Violet Crumble Cheesecake

Violet Crumble Cheesecake



  • Step 1

    Grease a 24cm round spring form pan and line base with baking paper.

  • Step 2

    Process biscuits until crushed. Add butter and process until combined.

  • Step 3

    Press mixture over base and up sides of prepared pan.
    Refrigerate while preparing filling. 

  • Step 4

    Sprinkle gelatine over water in a small heatproof jug. Stand jug in a pan of simmering water. Stir until dissolved, remove and cool.

  • Step 5

    Place chocolate in heatproof bowl.

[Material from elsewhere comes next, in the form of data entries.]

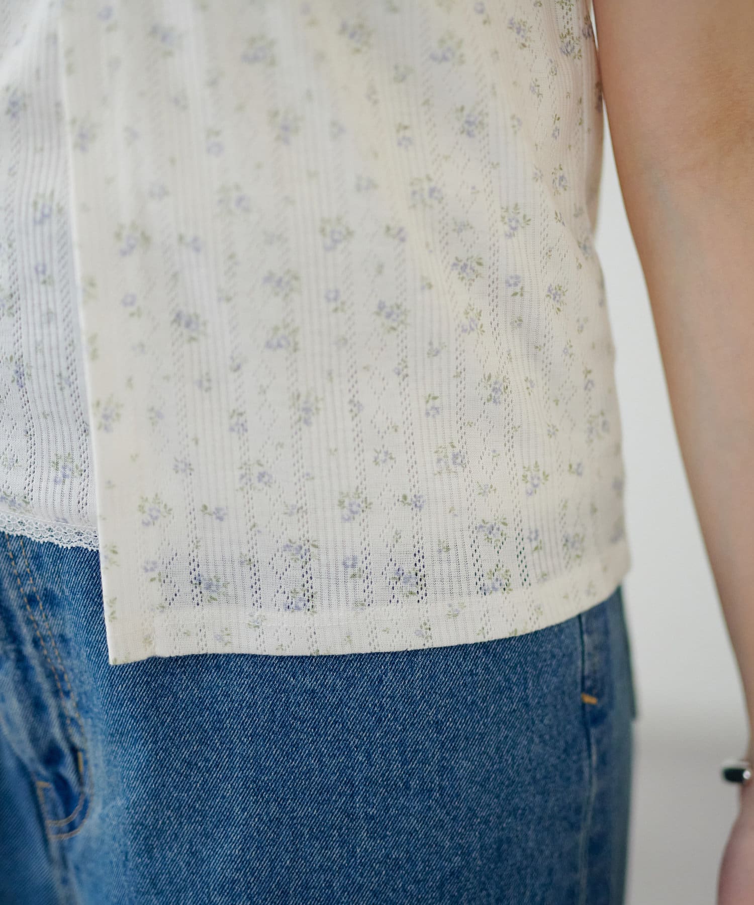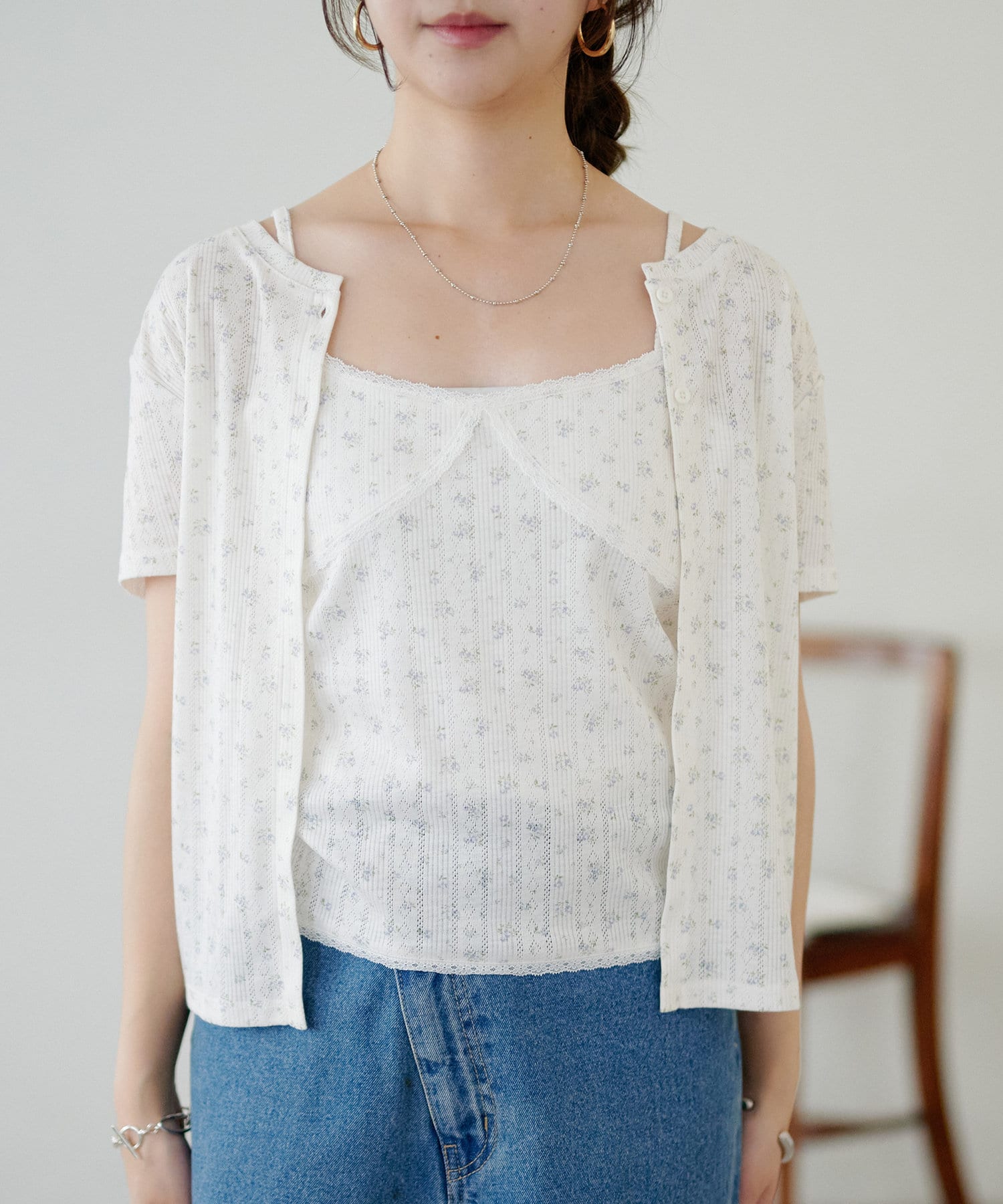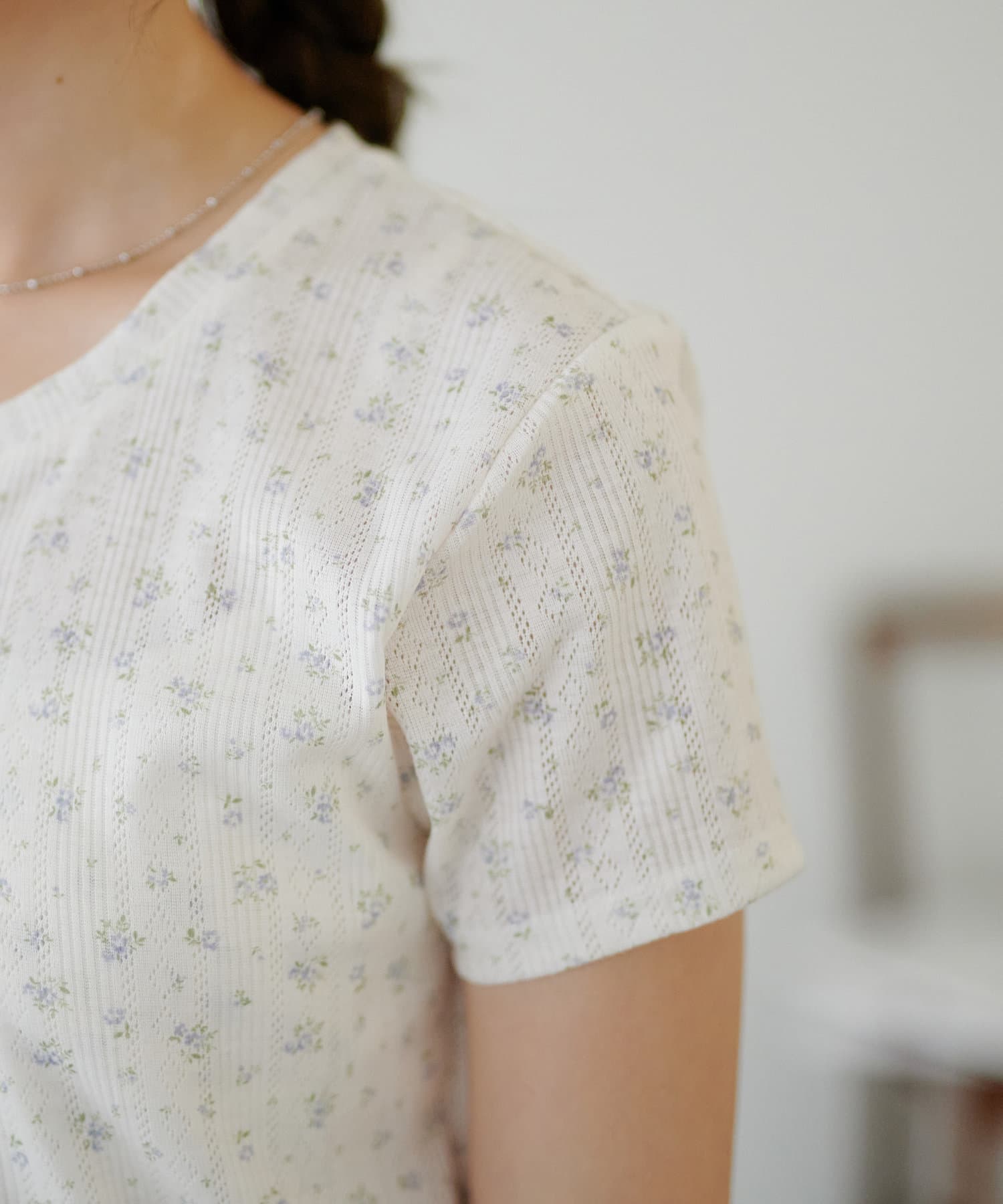 TOP > OUTLET > レディース > トップス > Tシャツ/カットソー > 【Discoat】【umm.】小花柄パターンメッシュアンサンブル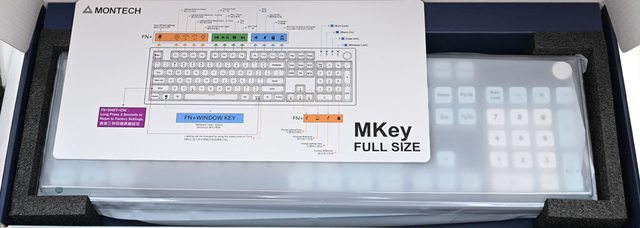 ▼打開外盒,最上面是鍵盤組合鍵操作使用說明圖卡,下方透明泡殼蓋住包著半透明塑膠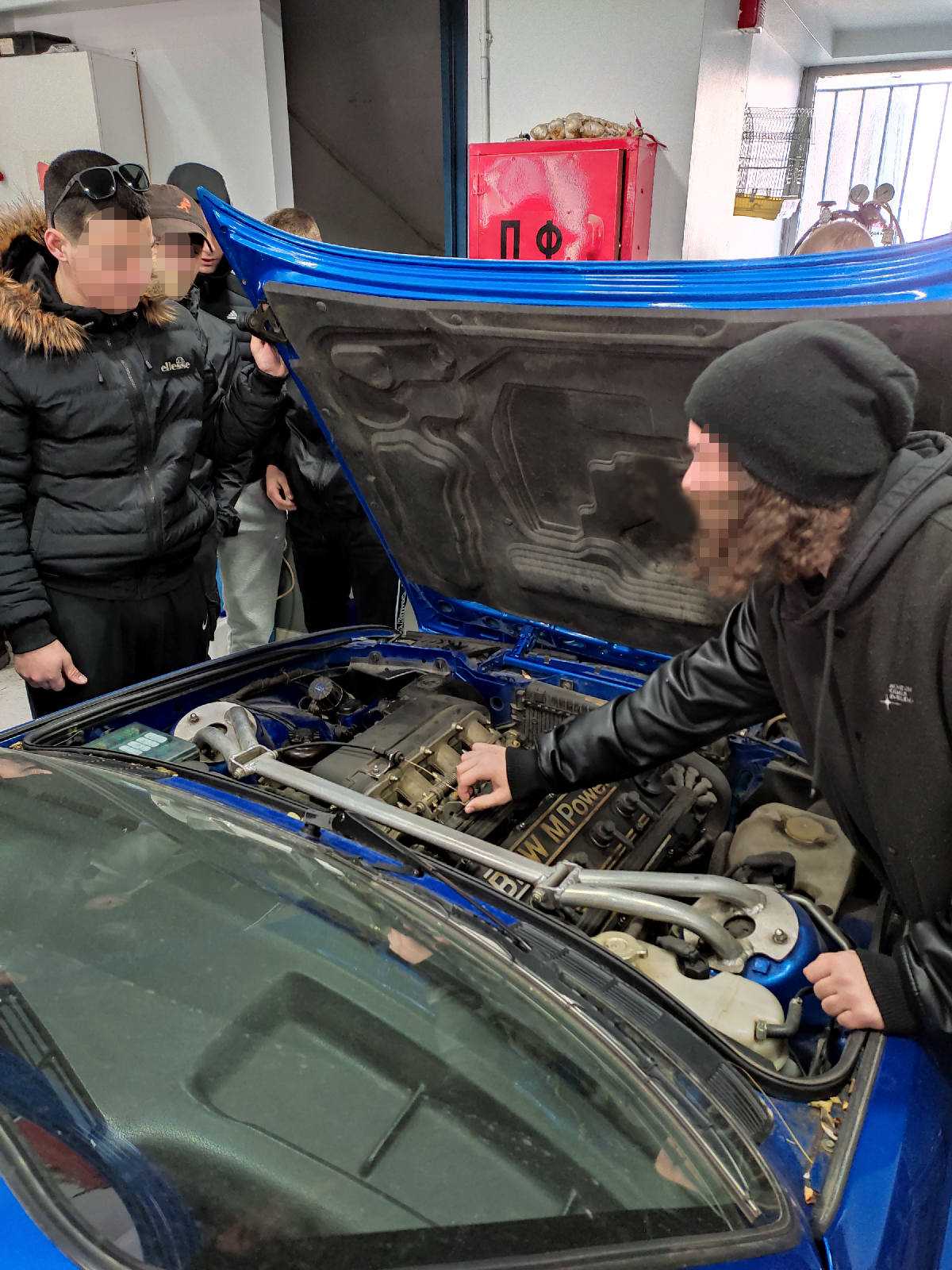 Κατά την διάρκεια της επίσκεψης οι μαθητές και μαθήτριες ξεναγήθηκαν από τον υπεύθυνο του συνεργείου, είδαν την μηχανή και διάφορα μέρη των αυτοκινήτων και παρακολούθησαν την διαδικασία διάγνωσης και επισκευής διαφόρων βλαβών.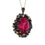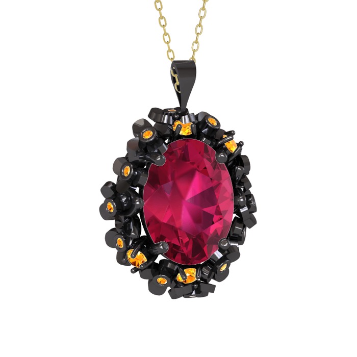 Rodolit garnet ve sitrin 925 ayar siyah rodyum kaplama gümüş kolye (40 cm altın rolo zincir)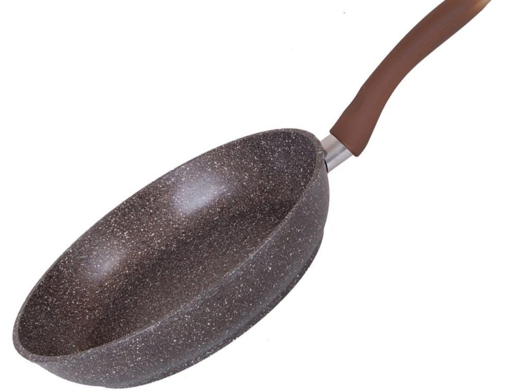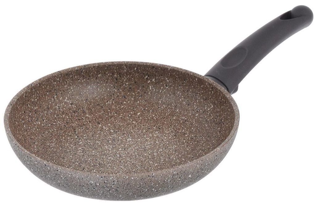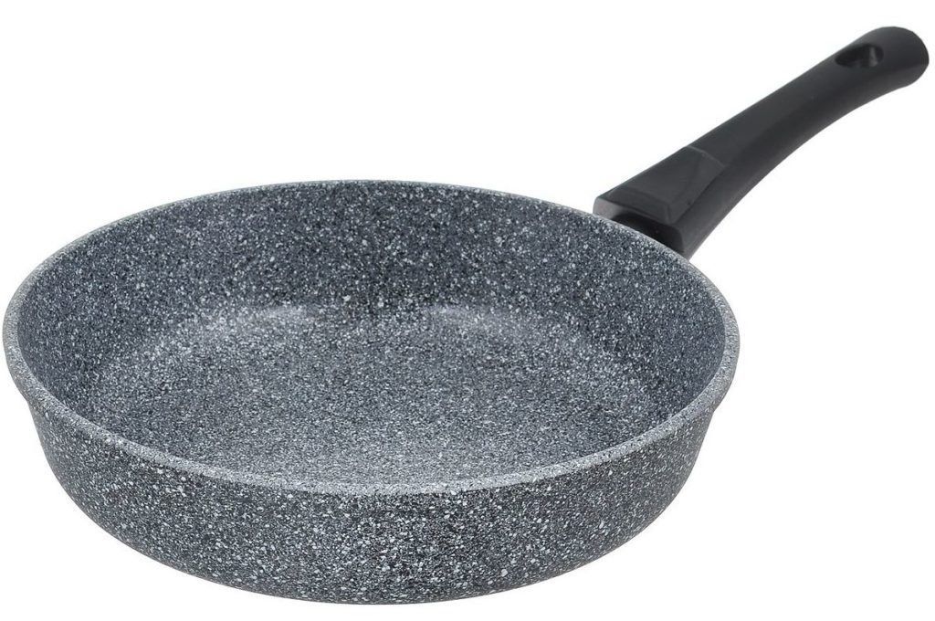 Eine der besten Bratpfannen des russischen Herstellers. Für die Antihaftschicht wurden dunkle Marmorsplitter verwendet. Es macht die Beschichtung besonders haltbar und hart. Daher hat die Pfanne keine Angst vor mechanischen Beschädigungen und dient regelmäßig lange. Die Wände und der Boden dieses Modells sind dicker. Dadurch sammeln die Wände und der Boden Wärme und verteilen sie gleichmäßig im Inneren.Gekochte Speisen schmoren noch einige Zeit in der Pfanne, nachdem der Herd ausgeschaltet wurde.

Stir bowl over pan of simmering water.
    Stir until melted.
    Remove and cool for 10 minutes.

  • Step 6

    Beat cream cheese and sugar in a small bowl with an electric mixer until smooth.

  • Step 7

    With mixer on low speed, beat in cream, then chocolate and gelatine mixture until smooth.
    Fold in Violet Crumble pieces.

  • Step 8

    Pour filling over biscuit base. Chop the one remaining Violet Crumble up and add to top of cheesecake.
    Cover and refrigerate overnight until set.

  • Step 9

    To serve remove the side of pan and transfer cheesecake to a serving plate. Enjoy!